「ごっこ遊び」をしていましたか?
アートマイムに限らず、演じるというのは、ごっこ遊び。
バレエやフィギュアスケート、日本舞踊なども演じる要素は強いかと思います。
一見、演じることとは無関係そうなスポーツでも、人によっては演じてると思うんです。
「スイッチが入った」みたいな言葉、聞いたことありませんか?
普段の自分とは違った自分になったということですよね。
演じるという意識は無くとも、違う人間になるような感覚、ゾーンに入るというのとはまた別の、自分を奮起させるモードといいましょうか、記憶に新しいところでは、野球のワールドカップで大リーガーチーム相手の決勝戦を前に、チームメイトに発した大谷翔平の言葉
「今日1日だけは、やっぱり憧れてしまったら超えられない。僕らは今日超えるために、トップになるために来たので、今日1日だけは彼らへの憧れを捨てて、勝つことだけを考えていきましょう」
これも、演じるということです。
演じられずに、大リーガーに憧れを抱いている普段の自分のままであったら、いい試合は出来なかったかもしれませんよね。
演じていない人は本来いないはずなんです。
『再創造する天性の動き』に詳しいのですけど、私たちは誰と話しているか?どんな場にいるか?などによって、違う自分になっていますでしょ? 役割を演じているというのが分かりやすいですね。
さて、ごっこ遊びですけれど、これは想像力を養わせてくれると言われます。
小さな子供は、大抵誰でもするんじゃないかと思うんですけど、苦手、好きでないこともあるようで、これは想像力の有る無し・強弱というよりも、自分でないものになることに抵抗・難しさを感じるのではないかと思うんですね。
アートマイムに限らず、バレエやフィギュアスケート、日本舞踊などで演じられずに、ただの運動になってしまう人は、ごっこ遊びが出来ないタイプなのかもしれません。
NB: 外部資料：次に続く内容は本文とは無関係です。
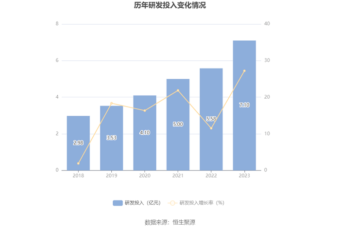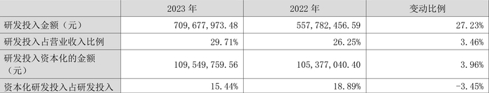 2023年全年,公司研发投入金额为7.10亿元,同比增长27.23%;研发投入占营业收入比例为29.71%,相比上年同期上升3.46个百分点。此外,公司全年研发投入资本化率为15.44%。

もちろん、それなりの技術が身についていない段階では、それどころではありませんよね。けれど、技術を必要としないような、あるいは既に身についている技術で十分という状態でも、ただの運動になってしまう場合があります。
こういったタイプの多くは、真面目な人という印象がありまして、言われたことをきちんとやらねば!と、意識が固くなってしまうために、動きも固くなってしまう。
真面目に一所懸命取り組むことは素晴らしいのですけど、焦点をずらす必要があるんですよね。
技術的なことに焦点を当ててしまっているので、ごっこ遊びをするということに焦点を当てたいですね。
技術的なことに焦点を当ててしまっているといいますのは、つまるところ、自分自身に目を向けているんですよね。
ごっこ遊びを苦手とするのは、自分でないものになることに抵抗・難しさを感じるのではないかとお話をしましたように、自分のままで何かしようとするために、上手くいかなくなってしまうわけです。
大リーガーに憧れを抱いている自分から離れ、憧れを持っていない人物になれるかどうか?ですね。
ところで、大人になって人前でごっこ遊びをするのは、恥ずかしいという思いもあるかもしれません。
それは、私も分かります。
上手く出来そうもないのに、トライするって勇気がいりますものね。
だからこそ、私のレッスンでは基本的に、段階を追って、身体的な感覚を得てもらいながら、自然とその気になれるようにと進めているわけです。
ただそれでも、自分自身にこだわってしまう人がいるのも事実。
そいう人は、自分では自分自身にこだわっているわけではないと思っていると思うんですけど、目が自分自身あるいは身体・動きに向いていて、「その気になる」ことから目を逸らしていれば、それは自分自身にこだわっているということなんです。
この辺りのマインド、赤ちゃんをあやす「いないいない、ばあ~」には、端的に現れます。
目の前に赤ちゃんを想定して、やってみて下さい。
赤ちゃんを喜ばせるために、全力でやってみて下さいね。
ごっこ遊び、演じることを少しでも楽しめるようになれると、新しい世界が開けると思います。